Before gathering the input, you will decide if your application is rendering virtual hands or if it uses passthrough hands.
Add the upperLimbVisibility scene modifier to the ImmersiveSpace to make the passthrough hands visible or hidden.
To access the spatial events, go back to where you defined the CompositorLayer render handler.
Here, register a block in the layerRenderer to get updates every time there is a new spatial event.
If you are writing your engine code in C, you'll map the SwiftUI spatial event to a C type.
Inside the C code, you can now receive the C event collection.
One thing to keep in mind when handling the spatial event updates is that the updates get delivered in the main thread.
This means that you will use some synchronization mechanism when reading and writing the events in your engine.

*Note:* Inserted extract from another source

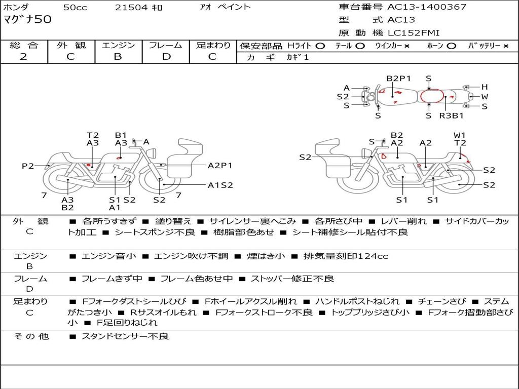 | Номер рамы / VIN | AC13-1400367 |

Now that the events are stored in the engine, it's time to implement the gather input function.
The first step is to create an object to store the current input state for this frame.
This input state will store the events that you received from the LayerRenderer.
Make sure that you are accessing your internal storage in a safe way.
As for the hand skeleton, you can use the hand tracking provider API from ARKit to get the latest hand anchors.
And now that your application has input support, you have all the tools at your disposal to create fully immersive experiences on xrOS.
To recap, with SwiftUI, you will define the application.
With CompositorServices and Metal, you will set up the render loop and display 3D content.
And finally, with ARKit, you will be able to make your experience interactive.